You have p^2 vectors total

And have to avoid the 1-dimensional space spanned by the first vector

Which has p things

So p^2 - p

This works for say n x n better because at step k you have p^n vectors, and have to avoid the (k-1)-dimensional space spanned by your previous choices

So you have p^n - p^{k-1} choices

'tis true, but that's a generalization I'd probably come to by doing a couple constructive assessments. teaching elementary arithmetic and geometry has made me prefer concrete constructions (that and the fact that I taught myself linear algebra several months ago and haven't used it since)

I think this is concrete

And it’s a more instructive way to view it I think

You’re really just “avoiding bad vectors”

So it makes sense to count how many bad choices there are

This is really common in combinatorial arguments

Anyway, you got the right answer, I just wanted to highlight a different way to think about the count

never did combinatorics, to be fair. set complements make sense, but I'm still rusty on my space manipulations lol

"never did" as if I haven't been doing naive combinatorics since 5th grade

lol

Sure sure, the point is just sometimes it’s easier to count he complement

If you know the size of the ambient set

This sort of stuff is really common in all math where it’s like, you can dualize things and examine the opposite thing

And figure out stuff about the thing you actually care about

I just bring it up because it’s good to have in the back of your head

If you do topology and it asks you to show a set is closed, often times it’s much more obvious the complement is open

Etc etc

used to have it, lost amongst the more "important" stuff teaching elementary geometry and constructing everything out of triangles for a month straight. We love how the brain prioritizes facts and methods

"show that GLn(F) is non abelian for any n>1 and any field F"
uh... matrix multiplication is non-commutative, and all properties of matrix operations in R hold for arbitrary fields F (according to the blurb before the exercises, to be proven later). next?

sometimes exercizes seem to be quite funny in their ordering

This isn’t good enough

Take the subgroup of matrices which are just some fixed number x along the diagonal and 0 everywhere else

This is abelian

You can have abelian subgroups of nonabelian groups (in fact any subgroup generated by one thing satisfies this)

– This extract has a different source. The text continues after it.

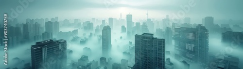 Naklejka premium A city skyline is covered in fog, giving the impression of a desolate and...
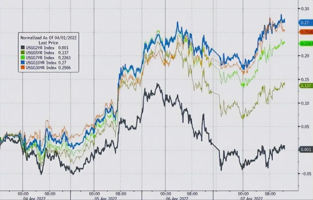 各期限美债收益率上升

To do this you have to explicitly exhibit non commuting matrices in GL_n

I'm looking for some standard notation/conventions on this particular concept of "nearly semidirect products" that is occuring a lot for me. Any references are appreciated :)

Boytjie (never-to-be-glomed)

Boytjie (never-to-be-glomed)

My particular question is just if anyone knows any standard conventions on this stuff

(Also I guess my second definition is 'inner' rather than 'outer' lol)

maybe not for a college course, but it's almost painfully trivial tbh. It's one of those things like saying "show that log(a+b)=/=log(a)+log(b)" because there exists a special case like "log(1+2+3)=log(1)+log(2)+log(3)" my autodidact brain: gestures wildly at definition of matrix multiplication as composition

No it isn’t sufficient at all

You need to know that you can have non commuting automorphisms which is not a priori obvious

You have to know the structure of vector spaces and swap some basis elements or something

It is not painfully trivial at all

Try to find two matrices in GL_2 that don't commute. You may be surprised that you cannot do so as easily as you seem to think

As it happens, if you can show that GL_2 is non-Abelian then you can use this to show that GL_n is non-Abelian for all n > 2. You may treat this an an exercise if it's not already clear.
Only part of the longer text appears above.